07th Aug2017

The Golden Age of Television

by admin

The early 2000s are touted to have ushered in a Golden Age of television. This is proven by how we’re fortunate enough to live in an era where series such as Game of Thrones (GOT) and How to Get Away with Murder (HTGAWM) are two of many pop culture products we’ve looked forward to at some point in each of the past few years.


One of the above series boasts impressive, and possibly first-of-its-kind production values, as well as career defining roles for many of its actors who emerged largely as unknowns. The other, follows an increasing trend of having powerful women of colour in the starring role, as well as an exploration of queer relationships and identity. The latter is by no means new, as we’ve witnessed with programmes such as Will & Grace, but HTGAWM provides a poignant view into queer issues, and issues faced by powerful women through the lens of a highly diverse cast. Naturally, a series may be subject to cancellation regardless of the diversity of its cast and nuanced storytelling, but on the basis of its ratings HTGAWM seems to be safe for a few more seasons.

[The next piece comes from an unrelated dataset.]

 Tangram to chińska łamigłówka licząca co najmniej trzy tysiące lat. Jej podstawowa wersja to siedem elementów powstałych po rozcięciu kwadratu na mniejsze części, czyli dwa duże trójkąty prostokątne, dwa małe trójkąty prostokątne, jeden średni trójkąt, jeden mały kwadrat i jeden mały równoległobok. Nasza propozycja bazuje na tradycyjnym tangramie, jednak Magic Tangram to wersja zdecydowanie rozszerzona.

Alongside the evolution of the types of television shows we’ve been viewing over the years, has come an evolution in the way we view those very programmes. Netflix has become an increasingly popular way for people to watch their favourite shows, providing streaming media and video-on-demand services. In 2013, Netflix expanded into film and television production, as well as online distribution. A series that boasts Game of Thrones’ exceptional production values and high budget, its own soundtrack, a young and predominantly black cast, as well as an exploration of how New York City at the brink of bankruptcy gave birth to hip-hop, punk and disco, queer issues and LGBT+ Ball Culture, is Baz Luhrmann’s The Get Down. The Get Down is also a Netflix production, distributed by the streaming network.

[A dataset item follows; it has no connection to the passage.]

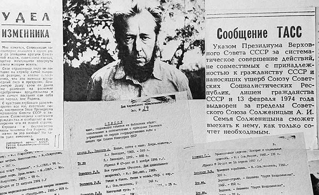 За два года до Солженицина за границу выслали поэта Иосифа Бродского. Затем туда пришлось отправиться писателю Эдуарду Лисмонову, музыкантам Мстиславу Ростроповичу и Галине Вишневской, диссиденту Владимиру Буковскому. Про него потом сочинили стихотворые строчки, как «хулигана» обменяли на лидера чилийских коммунистов Луиса Карвалана.

Moreover, The Get Down is quite unique in that it encompasses all the above, including its cancellation. The series was released in two parts, resulting in 11 episodes, and officially stopped airing on the 7th of April 2017. This has been seen as forming a troubling trend of the cancellation of shows with diverse casts. Another such programme, is Doubt, produced by Shonda Rhimes’ Shondaland production company. Aside from decent ratings and a well thought out storyline, the series featured the character of Cameron Wirth, a transgender attorney played by transgender actress Laverne Cox. The series was also ground-breaking in that it showed what was possibly the most nuanced and informed portrayal of a romantic relationship between a transgender and a cisgender person. In addition, Cameron Wirth was shown to interact with friends who also happened to be transgender, and who have also had similar lived experiences.

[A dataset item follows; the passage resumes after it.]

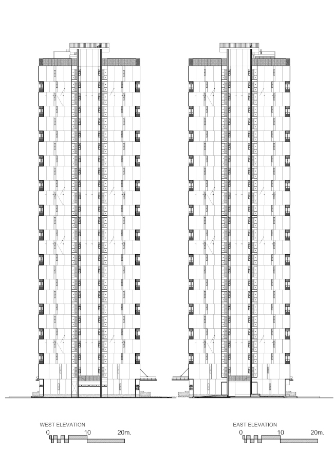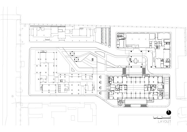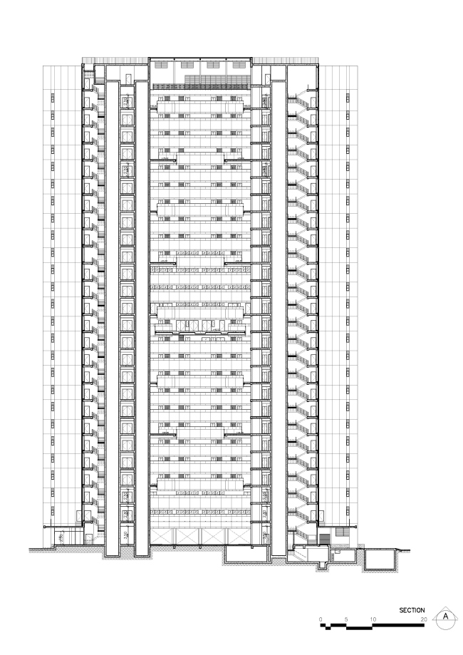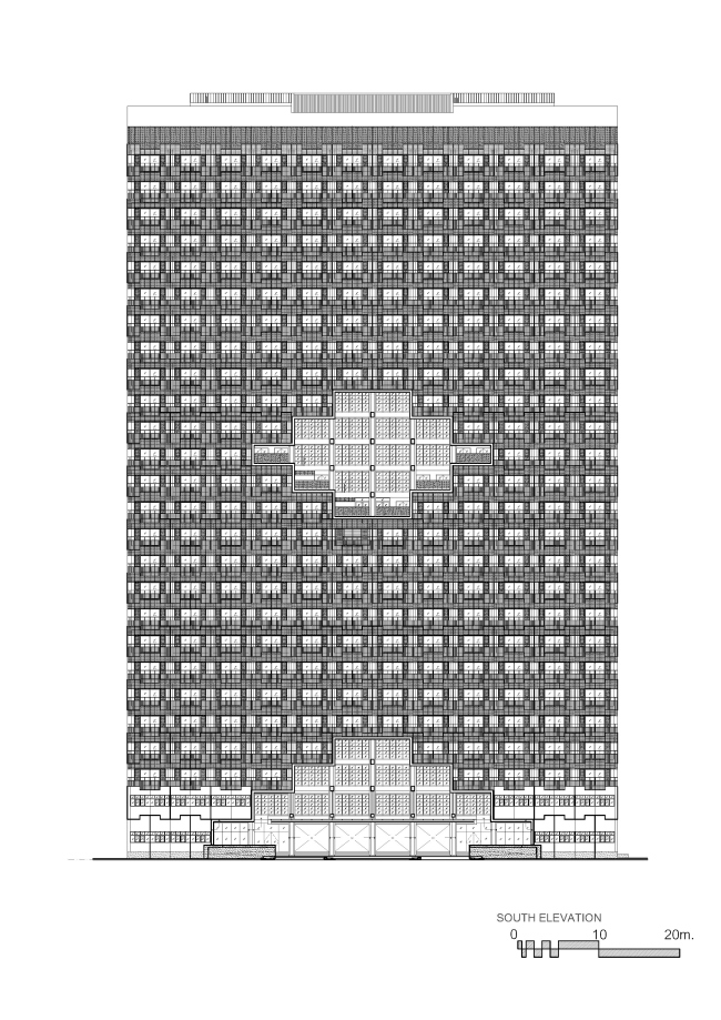 Новое 26-этажное здание таким образом позволило закрыть периметр, связав все корпуса и образовав внутреннее безопасное пространство для жильцов. Его первый, проницаемый этаж служит воротами в этот двор (вход даже дополнительно выделен цветом) и обеспечивает связь с окружающим городом и территорией госпиталя.

This article does not seek to prove that shows such as these have been cancelled because they have diverse casts doing the absolute most in stellar roles. It merely seeks to express concern; with all of these cancelations, who is going to tell our stories? This is particularly alarming when we consider that Shonda Rhimes’ Scandal (starring Kerry Washington) is nearing is final season and How to Get Away with Murder was only meant to last about 6 seasons, nearing its fourth. The fandoms notice and aren’t reluctant to express their derision. The Wachowski’s Sense8 was also recently cancelled, prompting numerous campaigns to bring it back. The show will now return as a two-hour special to give fans closure and allow them to grieve.


It is most disappointing to witness the death of shows such as American Crime, The Real O’Neals and even Devious Maids – with a talented leading cast of indomitable Latina women. But we can thank the heavens for Black-ish, its spinoff Grown-ish, Fresh Off the Boat and Issa Rae’s Insecure. These shows carry the torch by representing people of colour, complex women and, in some capacity, the queer community as well. We can also be thankful for how amazing South African television is right now. Harvest on etv, starring Vatiswa Ndara and Masasa Mbangeni is a personal favourite right now, displaying impeccable writing, acting and cinematography. There is hope yet. If there was ever any evidence that this is indeed the Golden Age of television, this would be it. As South Africans, we’ve also begun telling our own stories, and we’re doing it impressively.